Expressing Multiple Filter Criteria Using AND

To filter rows by specific criteria, we need to use the WHERE statement. A simple WHERE statement requires three things:

  • The column we want the database to filter on: ShareWomen
  • A comparison operator that specifies how we want to compare a value in a column: >
  • The value we want the database to compare each value to: 0.5

Here are the comparison operators we can use:

  • Less than: <
  • Less than or equal to: <=
  • Greater than: >
  • Greater than or equal to: >=
  • Equal to: =
  • Not equal to: !=

The comparison value after the operator must be either text or a number, depending on the field. Because ShareWomen is a numeric column, we don’t need to enclose the number 0.5 in quotes.

Finally, most database systems require that the SELECT and FROM statements come first, before WHERE or any other statements. We can use the AND operator to combine multiple filter criteria. For example, to determine which engineering majors had majority female, we’d need to specify 2 filtering criteria.

SELECT Major FROM recent_gradsWHERE Major_category = 'Engineering' AND ShareWomen > 0.5
Major
ENVIRONMENTAL ENGINEERING
INDUSTRIAL PRODUCTION TECHNOLOGIES

It looks like only 2 majors met this criteria. If we wanted to “zoom” back out to look at all of the columns for both of these majors to see if they shared some other common attributes, we can modify the SELECT statement and use the symbol * to represent all columns

SELECT * FROM recent_gradsWHERE Major_category = 'Engineering' AND ShareWomen > 0.5
index Rank Major_code Major Major_category Total Sample_size Men Women ShareWomen Employed Full_time Part_time Full_time_year_round Unemployed Unemployment_rate Median P25th P75th College_jobs Non_college_jobs Low_wage_jobs
30 31 2410 ENVIRONMENTAL ENGINEERING Engineering 4047 26 2639 3339 0.558548 2983 2384 930 1951 308 0.093589 50000 42000 56000 2028 830 260
38 39 2503 INDUSTRIAL PRODUCTION TECHNOLOGIES Engineering 4631 73 528 1588 0.750473 4428 3988 597 3242 129 0.028308 46000 35000 65000 1394 2454 480

The ability to quickly iterate on queries as you think of new questions is one of the most powerful aspects of SQL. The SQL workflow lets data professionals focus on asking and answering questions, instead of worrying about lower-level programming concepts.
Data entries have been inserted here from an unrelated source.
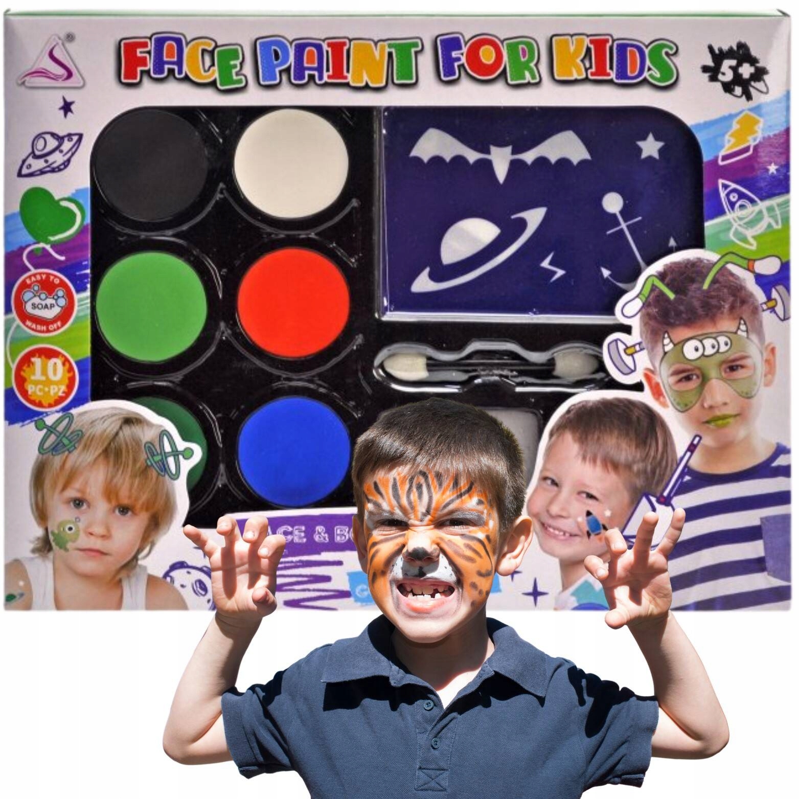 je popoln za šolske zabave, noč čarovnic ali izlete . Med šablonami boste našli različne oblike, vključno z netopirjem, zvezdo, planetom, sidrom in številnimi drugimi zanimivimi motivi. Komplet za poslikavo obraza je ustvarjalna igrača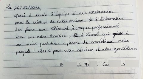 Merci à toute l’équipe d’Art Construction pour la création de notre maison ; de l’élaboration des plans avec Clément, à chaque professionnel venu sur notre chantier et à Lionel qui grâce à son suivi quotidien a permis de concrétiser notre projet ! Merci pour votre sérieux et votre gentillesse.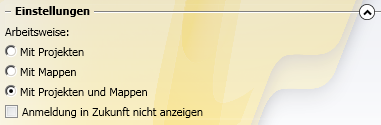In den erweiterten Einstellungen können Sie eine Auswahl treffen, ob Sie mit Projekten, Mappen oder beidem arbeiten wollen. Ausgenommenes wird daraufhin von der Auswahl ausgeblendet: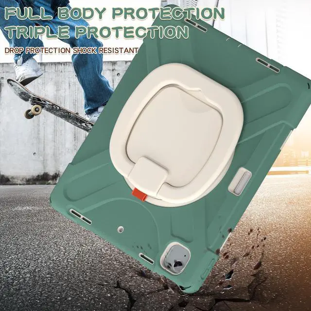 MEEgoodo Case for iPad Air 13 inch 2025 (M3) /2024 (M2) & iPad Pro 12.9 Case 6th/5th/4th/3rd Generation 2022 2021 2020 2018, Tablet Cover with Pencil Holder/Rotating Stand/Shoulder Strap, Emerald Green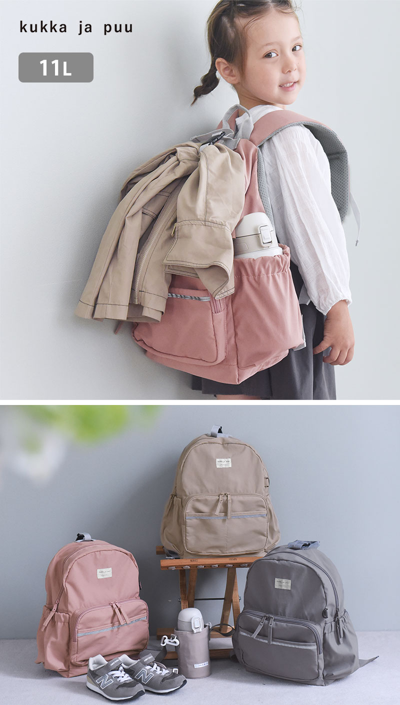 保育園リュックにも、学童用にもお着替えや靴下、ハンカチ、タオルなど保育園の持ち物がしっかり入る11Lサイズ。たっぷりと収納ができるので、小学校低学年のお出かけや、遠足、学童などでも活躍してくれます。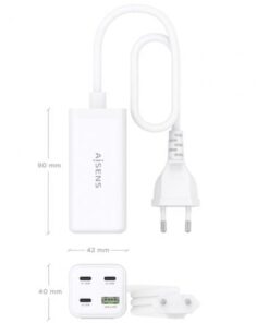 AISENS – CARGADOR SOBREMESA GaN 100W, 3xUSB-C PD3.0 QC4.0 QC5.0, 1xUSB-A QC3.0, BLANCO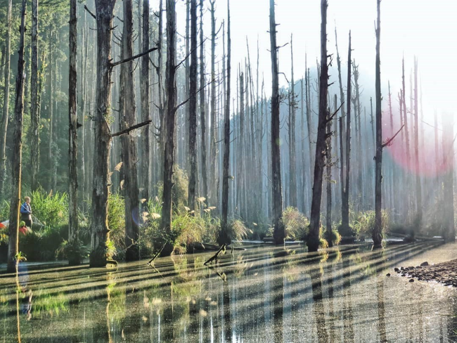 讓原本生長在原地的杉林因長期泡水導致枯死,枯樹倒映在水中呈現的凋零之美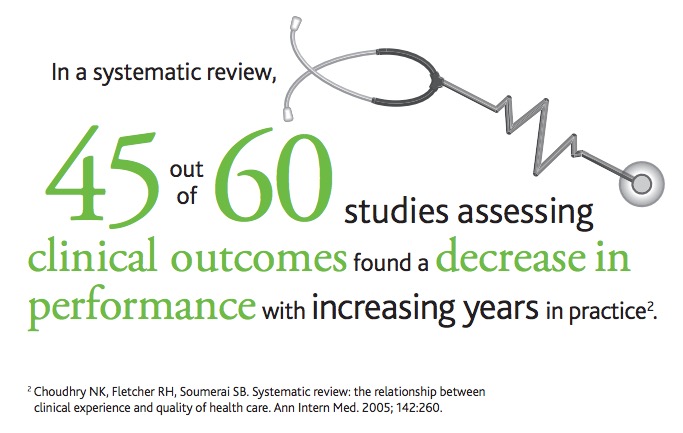 Choudhry NK, Fletcher RH, Soumerai SB. Systematic review: the relationship between clinical experience and quality of health care. Ann Intern Med. 2005; 142:260.

Now, let’s write a SQL query that returns all majors with a majority of female students and that had a median salary greater than 50000. Let’s also limit the columns displayed in the results like so:

SELECT Major, Major_category, Median, ShareWomen FROM recent_grads WHERE ShareWomen > 0.5 AND Median > 50000
Major Major_category Median ShareWomen
ACTUARIAL SCIENCE Business 62000 0.535714
COMPUTER SCIENCE Computers & Mathematics 53000 0.578766

It looks like only two majors with mostly female students also had a median salary higher than $50,000.

Returning One of Several Conditions With OR

We used the AND operator to specify that our filter needs to fit two Boolean conditions. Both of the conditions had to evaluate to True for the record to appear in the results.
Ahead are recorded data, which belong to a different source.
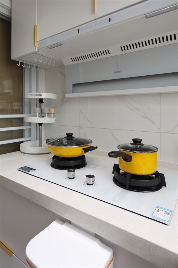 定制吊柜與煙機高度一致,足夠的收納,使臺面整潔干凈。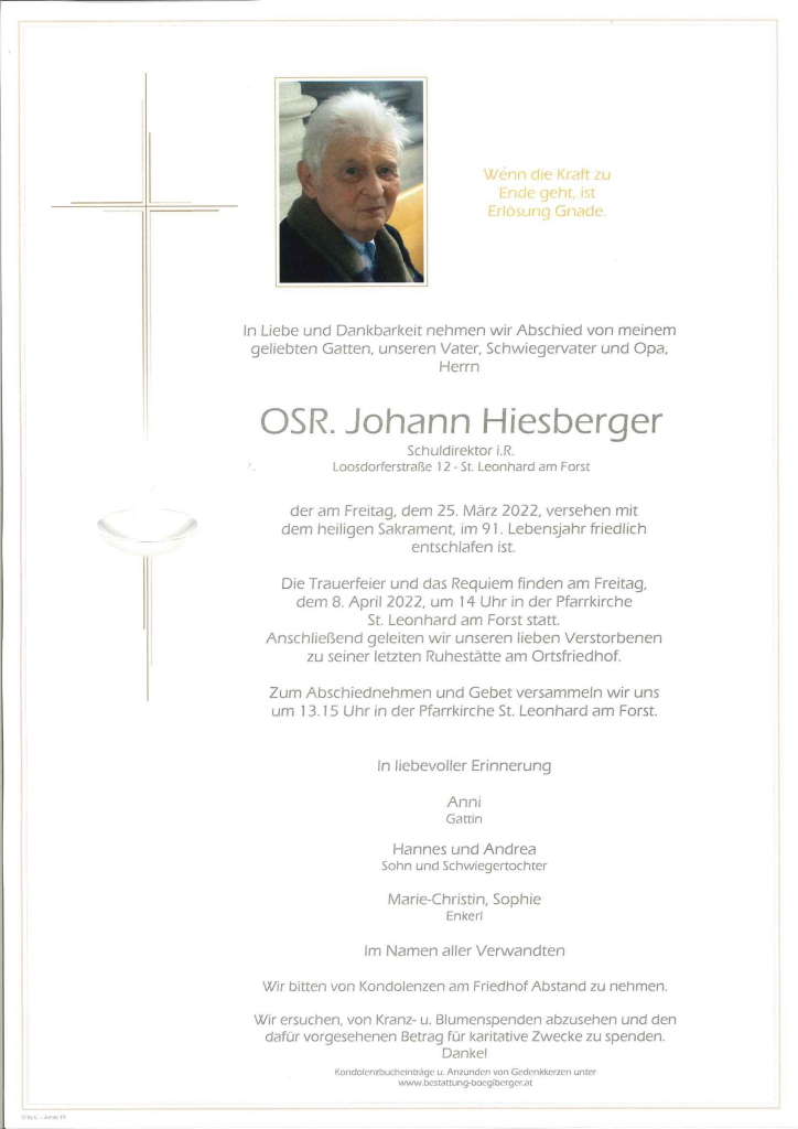 OSR Johann Hiesberger, Hauptschuldirektor in Ruhe, der am 25. März 2022 im 91. Lebensjahr von dieser Welt abberufen wurde. Seit Gründung der Hauptschule wirkte Johann Hiesberger als Lehrer für Mathematik und Physik und trug wesentlich zum Aufbau unserer Bildungsstätte bei. Als Klassenvorstand begleitete er viele Schülerinnen und Schüler durch ihre Schulzeit.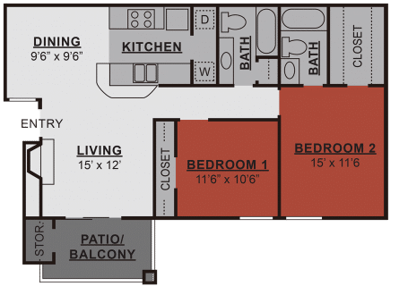 Apartment Model: B2From $1,2502 Bedroom, 2 Bath, 924 sq ftAvailable Now![]()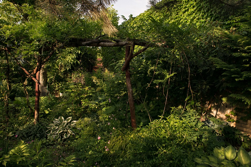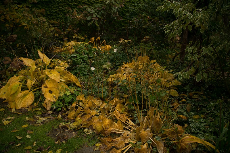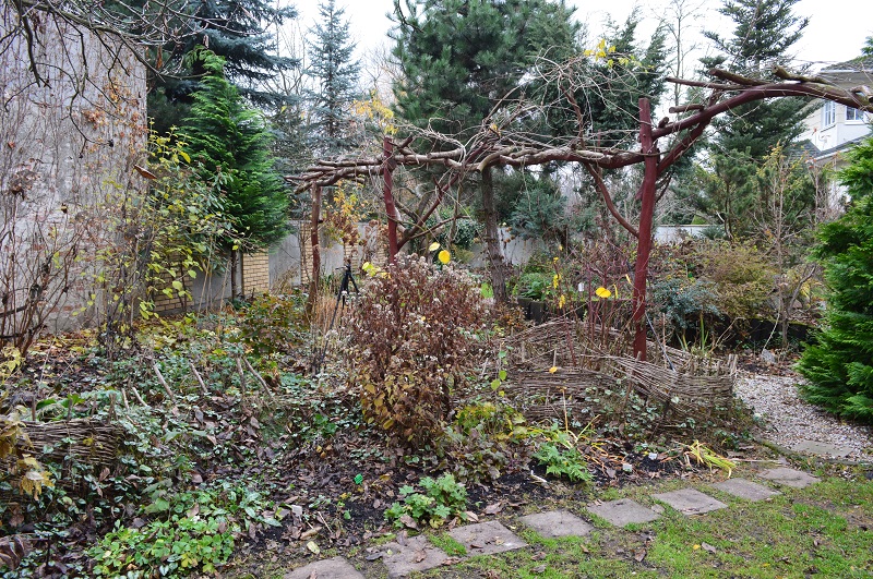 pod okapem orzecha włoskiego, który nie jest uważany za dobre sąsiedztwo dla bylin, choć ja nie odnotowuję jakichś problemów związanych z substancjami zawartymi w liściach. Korona drzewa została prześwietlona i skorygowana tak, aby poprawić statykę.

If we wanted to specify a filter that meets either of the conditions instead, we could use the OR operator.

SELECT [column1, column2,...] FROM [table1]WHERE [condition1] OR [condition2]

Let’s write a SQL query that returns the first 20 majors that either have a Median salary greater than or equal to 10,000, or have less than or equal to 1,000 Unemployed people. Let’s only include the following columns in the results and in this order:

  • Major
  • Median
  • Unemployed
SELECT Major, Median, Unemployed FROM recent_grads WHERE Median >= 10000 OR Unemployed <= 1000 LIMIT 20
Major Median Unemployed
PETROLEUM ENGINEERING 110000 37
MINING AND MINERAL ENGINEERING 75000 85
METALLURGICAL ENGINEERING 73000 16
NAVAL ARCHITECTURE AND MARINE ENGINEERING 70000 40
CHEMICAL ENGINEERING 65000 1672
NUCLEAR ENGINEERING 65000 400
ACTUARIAL SCIENCE 62000 308
ASTRONOMY AND ASTROPHYSICS 62000 33
MECHANICAL ENGINEERING 60000 4650
ELECTRICAL ENGINEERING 60000 3895
COMPUTER ENGINEERING 60000 2275
AEROSPACE ENGINEERING 60000 794
BIOMEDICAL ENGINEERING 60000 1019
MATERIALS SCIENCE 60000 78
ENGINEERING MECHANICS PHYSICS AND SCIENCE 58000 23
BIOLOGICAL ENGINEERING 57100 589
INDUSTRIAL AND MANUFACTURING ENGINEERING 57000 699
GENERAL ENGINEERING 56000 2859
ARCHITECTURAL ENGINEERING 54000 170
COURT REPORTING 54000 11

Now, let’s start getting even more advanced with our SQL queries.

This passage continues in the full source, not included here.